Katty also leads sessions for teams of executives and business owners, where she facilitates retreats and conversations. In this way, she helps people navigate their way to a healthy perspective on loss. “I’m certainly not a grief counselor or a death doula,” she says, “but I do have a natural way of creating a safe space and putting people at ease so they can open up and be vulnerable with each other. In the west we don’t talk about death and dying much. I want to demystify this. Unfortunately, we will all experience it.”
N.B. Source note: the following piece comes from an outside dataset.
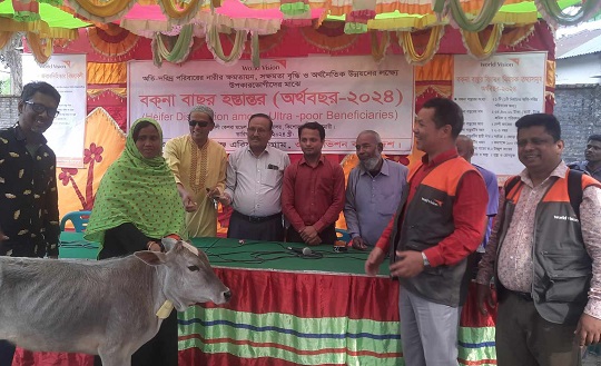 নারীর ক্ষমতায়ন ও সক্ষমতা বৃদ্ধির লক্ষ্যে নীলফামারীর কিশোরগঞ্জে ১৬০টি হতদরিদ্র পরিবারের মাঝে বকনা গরু বিতরণ করেছে ওয়াল্ড ভিশন বাংলাদেশ। বৃহস্পতিবার বিকালে বাহাগিলি ইউনিয়ন পরিষদে ৪১জন হতদরিদ্র নারীকে বকনা বাছুর গরু প্রদান করেন। এর আগে সদর ইউনিয়নে ৭২জন, চাঁদখানায় ২০জন ও নিতাই ইউনিয়নে ২৭জন সুবিধাভোগী নারীকে বকনা বাছুর দেওয়া হয়। এসময় উপস্থিত ছিলেন সাবেক উপজেলা মুক্তিযোদ্ধা কমান্ডার হাবিবুর রহমান হাবুল, ওয়াল্ড ভিশন কিশোরগঞ্জ এপি’র ব্যবস্থাপক পিকিং চাম্বুগং, সমাজসেবা কর্মকর্তা জাকির হোসেন ও সংশ্লিষ্ট ইউপি চেয়ারম্যানগণ।

These endeavors symbolize Katty’s optimism and belief in the power of people to overcome strife, which is why she subtitled her book “A Journey Through Grief Toward Hope.” She knows anything is possible.

The Butterfly Years is really about the lessons I learned,” she says. “It’s a message of resilience. Most of us don't think we have the strength to move on to the next chapter of life after loss, but then we're tested and realize we have it. It may just take a little while to get there. And that’s okay. We are stronger than we think.”